Paddy McGuinness is quite a funny guy & takes the pee out of some of the girls (light heartedly.)

But gee this woman who is 1 of the 30 potential 'dates' is hot as feck! Her name is Heidi - she is probably the oldest woman on the show...MILF (the rest are slappers IMO)   but feck she's stunning!! :argie:


----------



## s2kpaul (Jul 27, 2006)

ulriki johnson, you been drinking one to many beers lol


----------



## VW Golf-Fan (Aug 3, 2010)

s2kpaul said:


> ulriki johnson, you been drinking one to many beers lol


:lol: :lol:

Funnily enough McGuinness did comment to her that she looked like Ulrika Jonsson! 
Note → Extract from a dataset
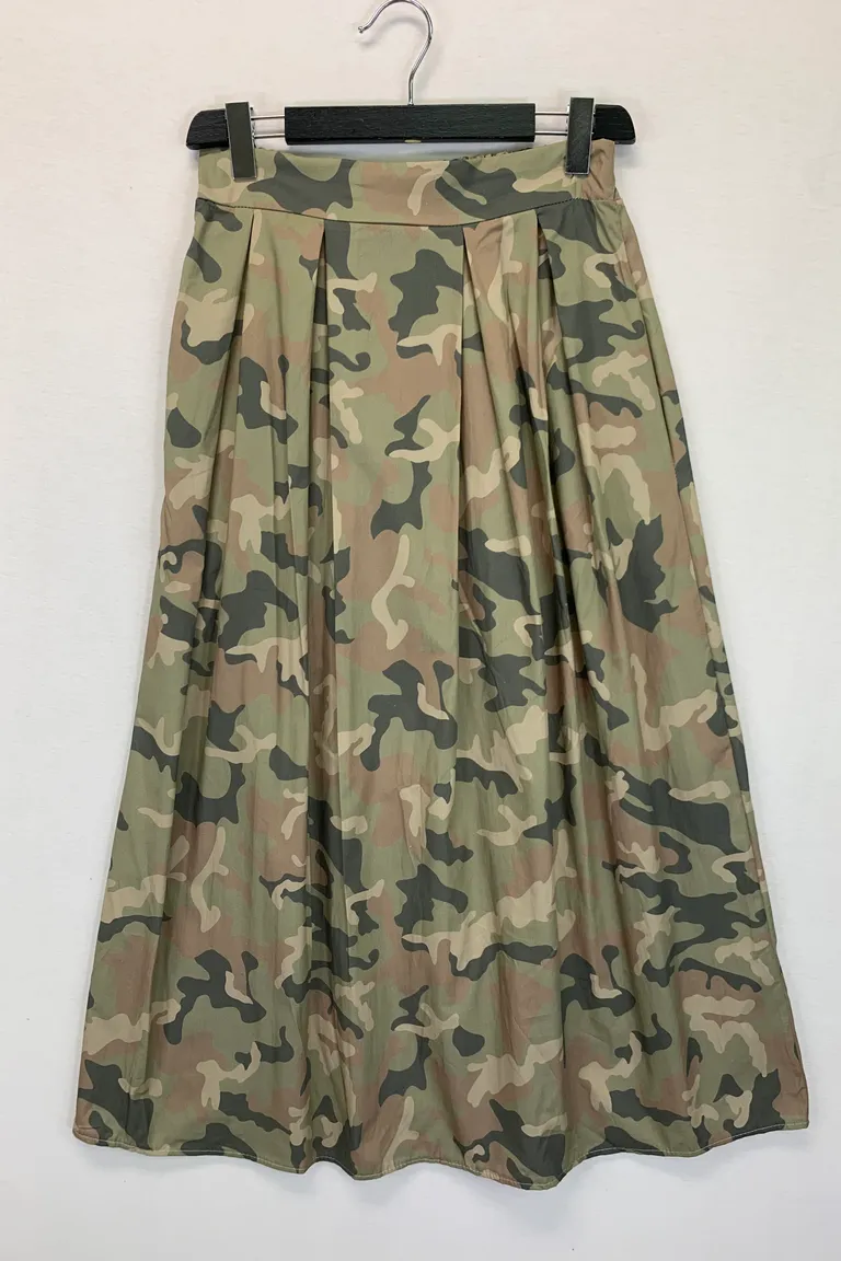 Description Gonna lunga in cotone in fantasia, con tasche ed elastico retro vita

But seriously it aint Ulrika - just her doppleganger!


----------



## beanheadblue (Oct 26, 2010)

You should go on there mate and try get her on a date HA HA


----------



## Warwickshire Detailer (Oct 11, 2009)

s2kpaul said:


> ulriki johnson, you been drinking one to many beers lol


+1 :lol:


----------



## Nickos (Apr 27, 2006)

Warwickshire Detailer said:


> +1 :lol:


+2


----------



## VW Golf-Fan (Aug 3, 2010)

beanheadblue said:


> You should go on there mate and try get her on a date HA HA


:lol:

I might try and go on there like you say mate (it'd be a laugh), there's at least 2 MILF's there (the other was called Nicky) so they'd be the last 2 with the lights on before I choose which one I'm picking..which would be Heidi! 

:thumb:


----------



## Summit Detailing (Oct 9, 2006)

I'll confess to having watched this too

It's actually ok, in a lighthearted/slightly trashy sort of way.

It wouldn't be the same show if it wasn't for Paddy.


----------



## VW Golf-Fan (Aug 3, 2010)

Agreed Chris, Paddy steals the show tbh! :lol:


----------



## silverback (Jun 18, 2008)

Corsa D-Driver said:


>


----------



## ben330 (Aug 8, 2010)

LET THE BANNANA.........SEEEE THE SPLIT!!:lol::lol:


----------



## VW Golf-Fan (Aug 3, 2010)

Let the banger see the mash!! :lol: :lol:


----------